Reasonable People May Disagree

And indeed they often do. Examples abound, from the right way to deconstruct and decode the human genome to the proper method of bleeding a brake line, etc. But each of these things are predicated upon a certain amount of knowledge and more than a minimal dose of reason. After all, reasonable does lead the rest of the sentence. And while we might, as I often have, argue about just what reasonable means, we can probably accept that it is at least somewhat context dependent.

For the sake of the argument I am about to make, one about politics and policy, reasonable shall be taken to mean a willingness to expose one’s beliefs to reason. Then by reason I mean rational thought, whereby one’s beliefs, when in conflict with objective reality, fall.

Partisans off all stripes often have a tenuous relationship with rationality. This is not unique to America, nor to democracies. However, a healthy functioning democracy requires reasonable people in a way that an authoritarian regime never will. As much as I personally despise the median voter theorem, it does hold some explanatory power vis-à-vis American politics. It is such that, at least theoretically, politicians will seek some middle ground between the two polar extremes. In short, let us assume that there is a relatively strong centralizing tendency present in  American politics (I think this is generally true, while missing much fine detail, but suffices here).

But what does good (read: rational) policy making require? Well, rational actors, quite obviously. Just who do we mean by actors, though? Will it suffice to have rational, reasonable elected officials and agency heads? Without getting deep in the weeds about degrees of freedom, agency issues, etc. it ought to be clear that policymakers (politicians and agency personnel) are necessary but not sufficient. They are not sufficient due to their source of power (voters and the people elected by voters), which means that our rational policymaking regime requires a reasonable polity.

Again, the emphasis is on reasonable, not unanimity of beliefs/values, etc. What is necessary is a common vocabulary, some core shared knowledge and a willingness to expose one’s beliefs to objective truth, insofar as such a thing exists. This civic dialogue helps to make finding that median a bit more clear.
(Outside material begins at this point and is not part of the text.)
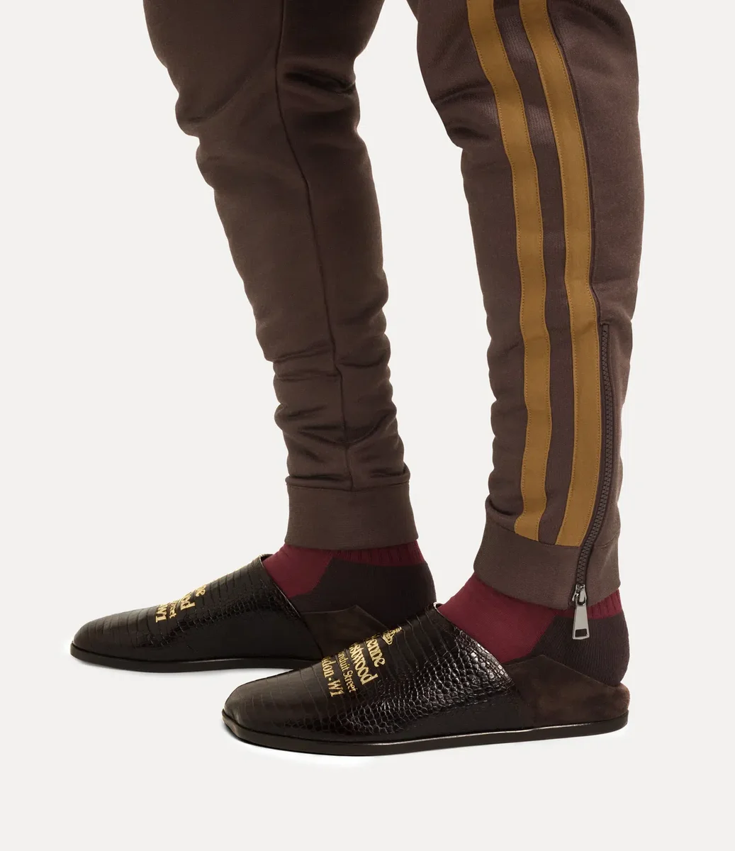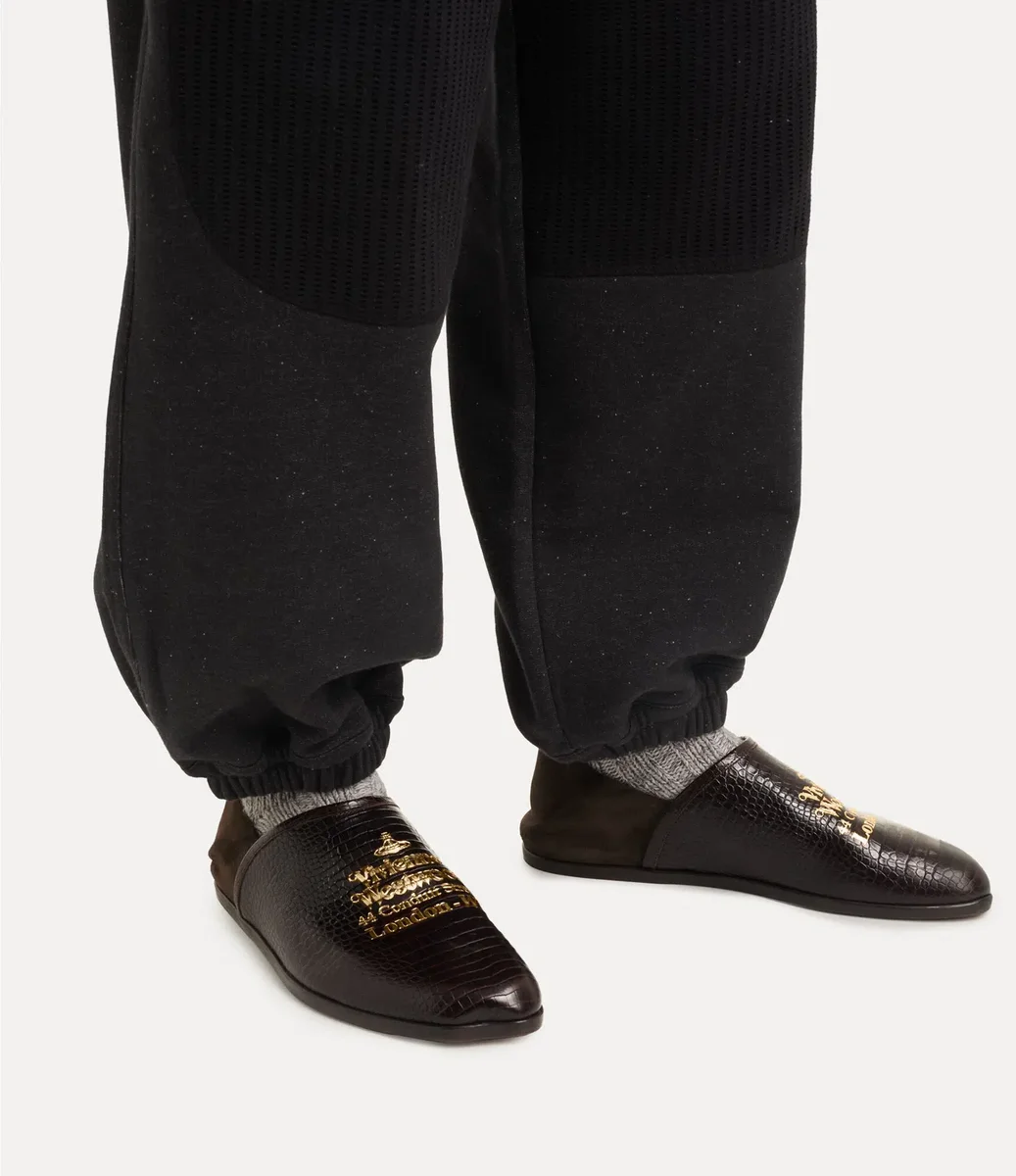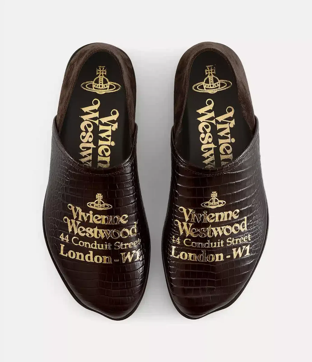 Vår klassiska Tuesday Slipper har fått en ny design i läder med mini-krokodileffekt och en flexibel bakdel som kan bäras upp eller ner. Den är designad med vår signaturformade anatomiska silhuett, som påminner om de klassiska Animal Toe-skorna, och har vår London-flaggskeppsadress präglad på framsidan.

And ensures that such a point still sits within the realm of rational policymaking.

Unfortunately, one of our two major political parties has long ago abandoned rational thought, preferring instead a series of slogans, fearmongering and religious hucksterism. All of these are the sworn enemy to reasonableness. The examples are legion, but let’s think about just a few things one has to believe in order to be a Republican in good standing.

  1. Obama is secretly a Kenyan Muslim, despite his birth record from the state of Hawai’i and his attendance of a Christian church.
  2. Global warming is a secret plot by scientists who hate capitalism and want the world to return to the Stone Age.
  3. Two people of the same gender who love each other and wish to get married are secretly plotting to undermine the institution of marriage.

Let us just accept that the modern GOP is a party built upon a frighteningly large number of conspiracy theories (Hofstadter’s Paranoid Style on steroids, if you will). Nearly of these “theories” are easily falsifiable. Yet they persist, not merely on the fringe of the Republican Party, but in the very mainstream of it.

This makes rational policymaking nearly impossible. Not only does it prevent the type of civic dialogue necessary for democracy to exist (how does one have a dialogue with someone yelling socialist at you?), but it has the potential to drastically shift the median voter to a point well outside of what would be objectively good policymaking (see, for example, polling data on the lower Manhattan mosque).

All of this does not bode well for the future of our democracy or our country. We have come to a point where knowledge and expertise are cast aside for religion and gut feeling, by at least one-third of our population. Will we look back on this time as an aberration in a great country’s trajectory, or will future historians cite 21st century America as they do Rome- a once great empire that lost its way.